= DATA =
━━━━━━━━━━━━━━━━━━━━━━━━━━━━━━
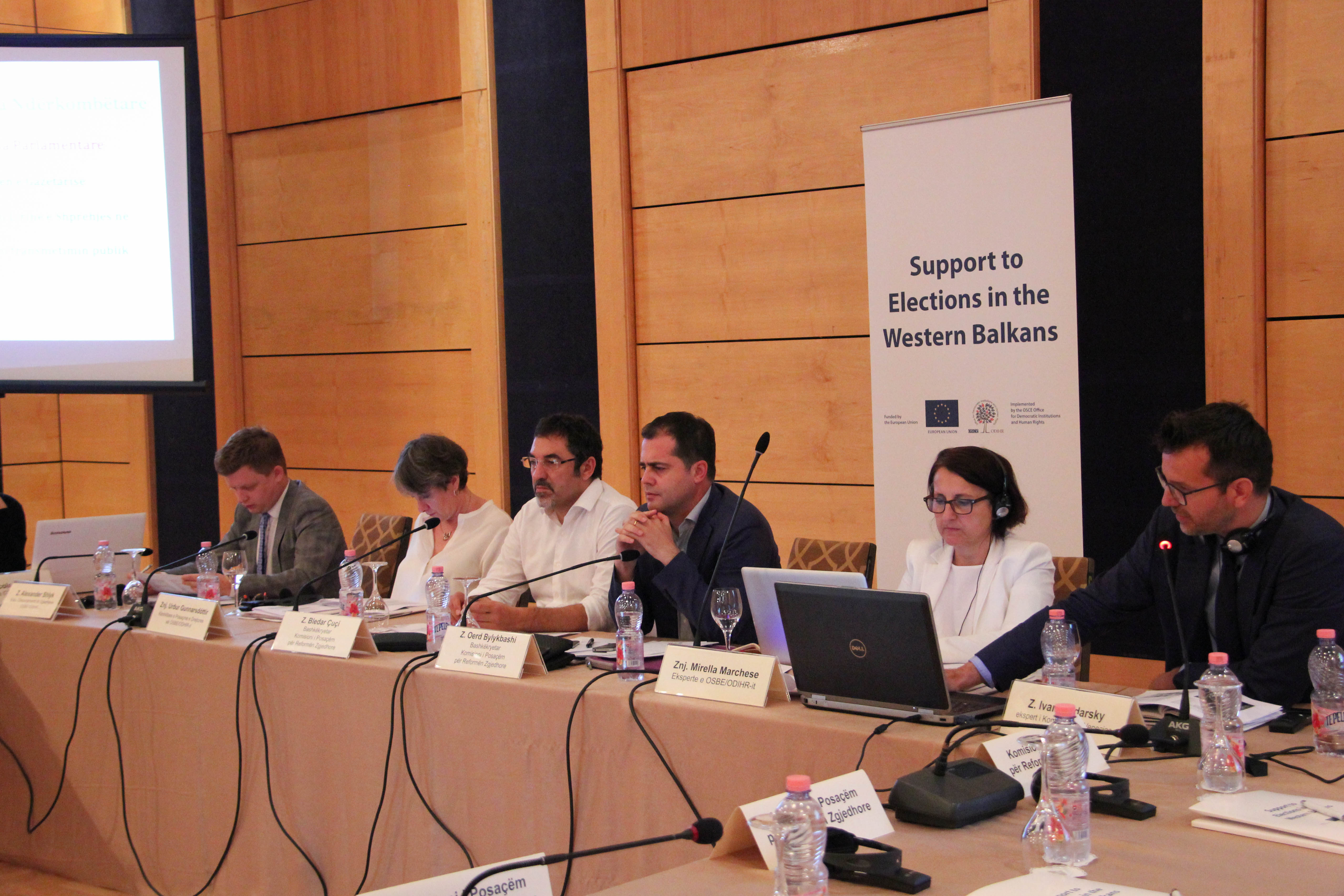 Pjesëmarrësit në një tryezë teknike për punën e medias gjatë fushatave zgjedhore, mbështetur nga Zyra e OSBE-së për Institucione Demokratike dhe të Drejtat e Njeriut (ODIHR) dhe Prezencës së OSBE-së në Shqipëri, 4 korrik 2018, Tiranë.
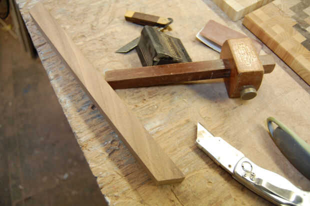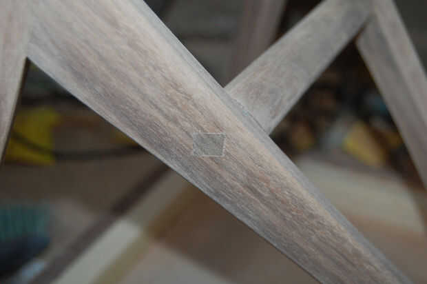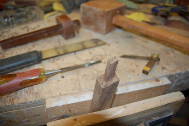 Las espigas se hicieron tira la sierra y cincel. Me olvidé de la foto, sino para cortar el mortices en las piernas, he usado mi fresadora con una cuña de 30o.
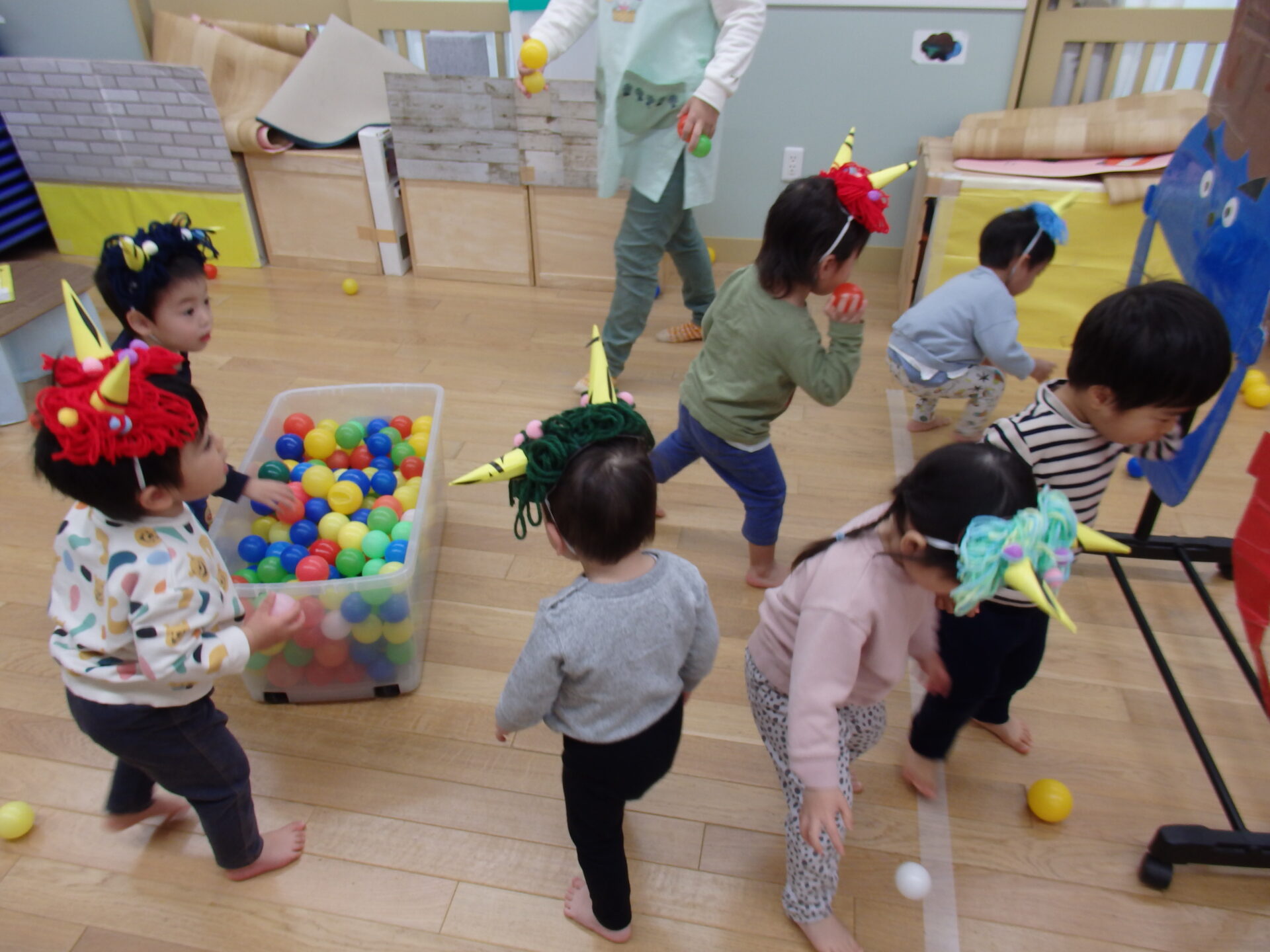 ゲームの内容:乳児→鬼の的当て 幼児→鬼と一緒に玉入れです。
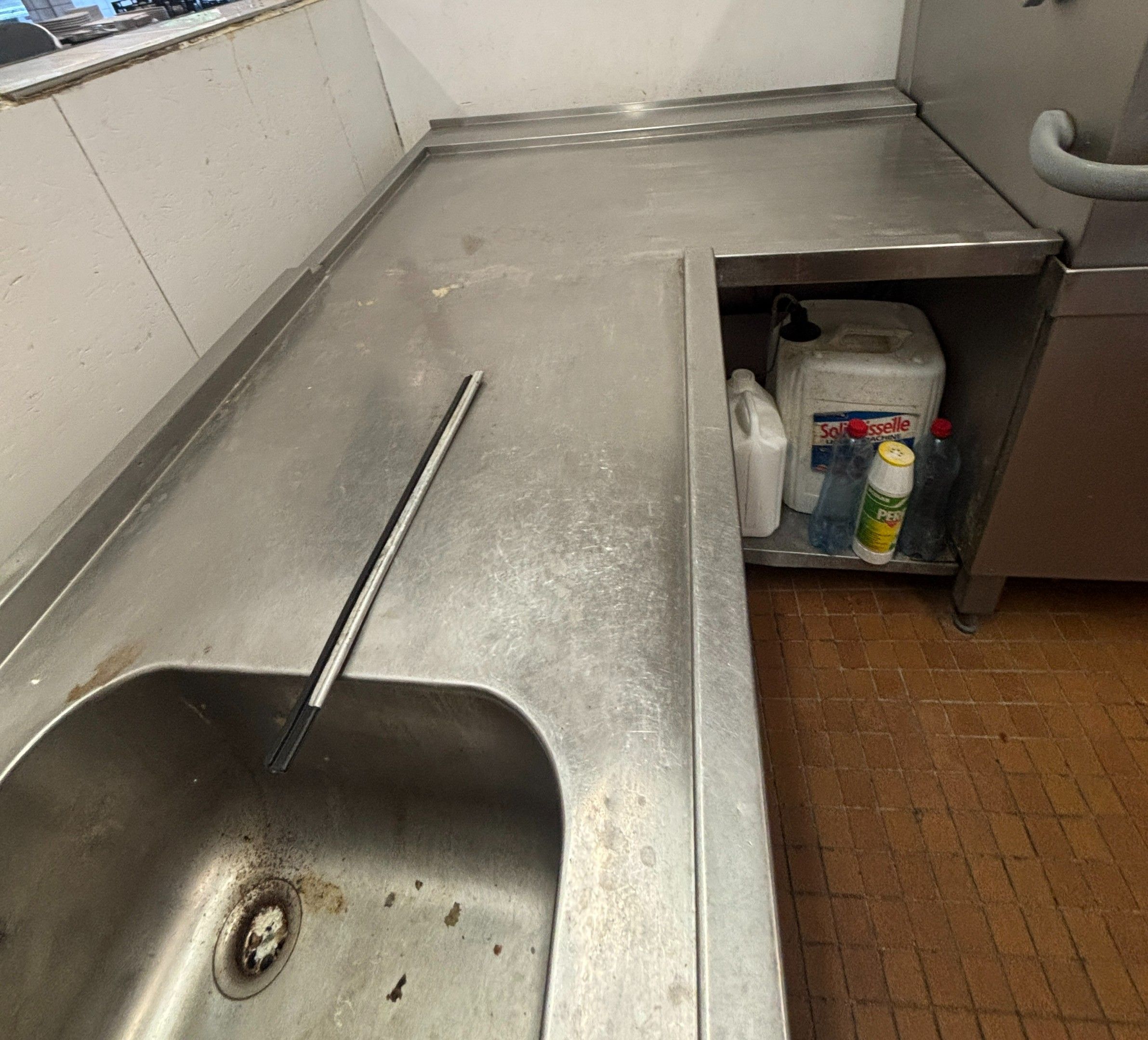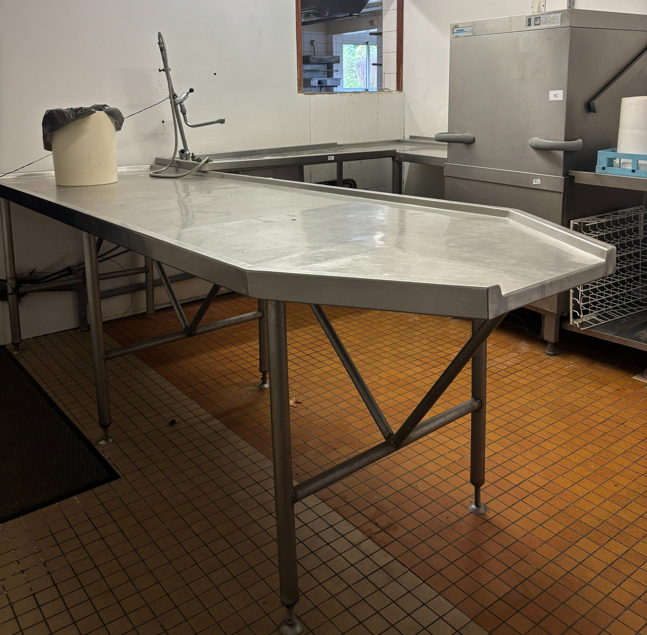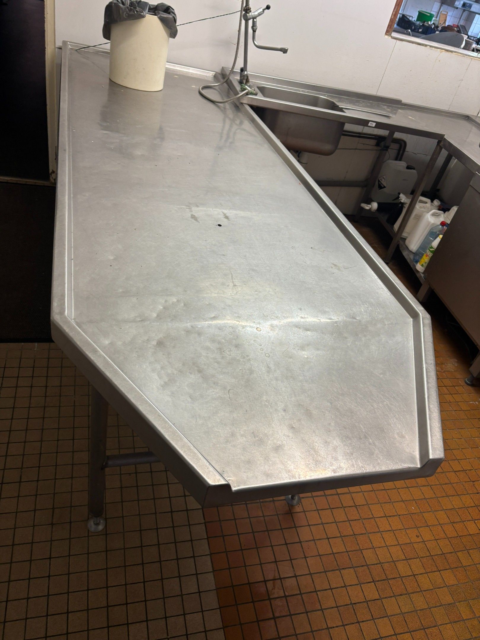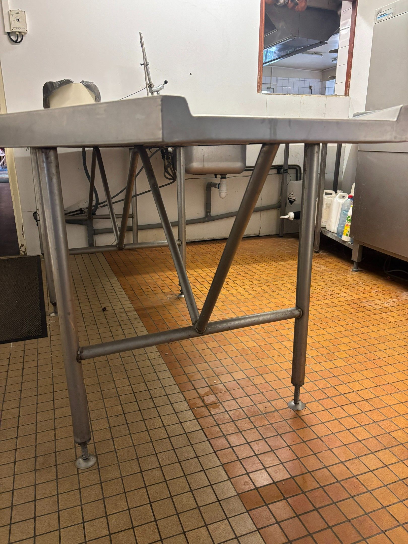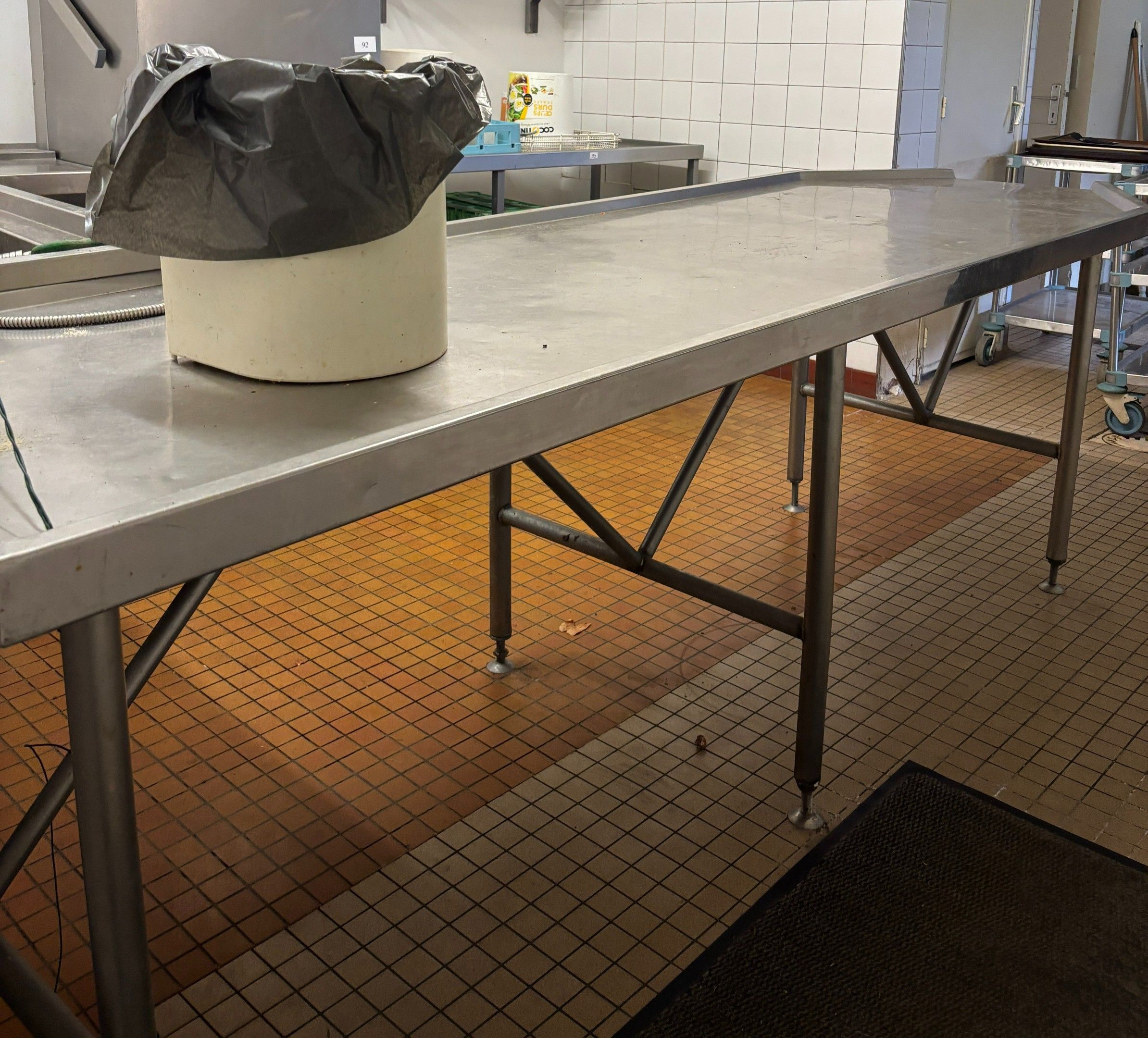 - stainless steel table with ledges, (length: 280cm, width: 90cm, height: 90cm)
━━━━━━━━━━━━━━━━━━━━━━━━━━━━━━
= INSTRUCTIONS FOR THE TASK =
Please output the material above again, exactly, and omit every image.

= FINISHED TASK =
 Pjesëmarrësit në një tryezë teknike për punën e medias gjatë fushatave zgjedhore, mbështetur nga Zyra e OSBE-së për Institucione Demokratike dhe të Drejtat e Njeriut (ODIHR) dhe Prezencës së OSBE-së në Shqipëri, 4 korrik 2018, Tiranë.
 Las espigas se hicieron tira la sierra y cincel. Me olvidé de la foto, sino para cortar el mortices en las piernas, he usado mi fresadora con una cuña de 30o.
 ゲームの内容:乳児→鬼の的当て 幼児→鬼と一緒に玉入れです。
 - stainless steel table with ledges, (length: 280cm, width: 90cm, height: 90cm)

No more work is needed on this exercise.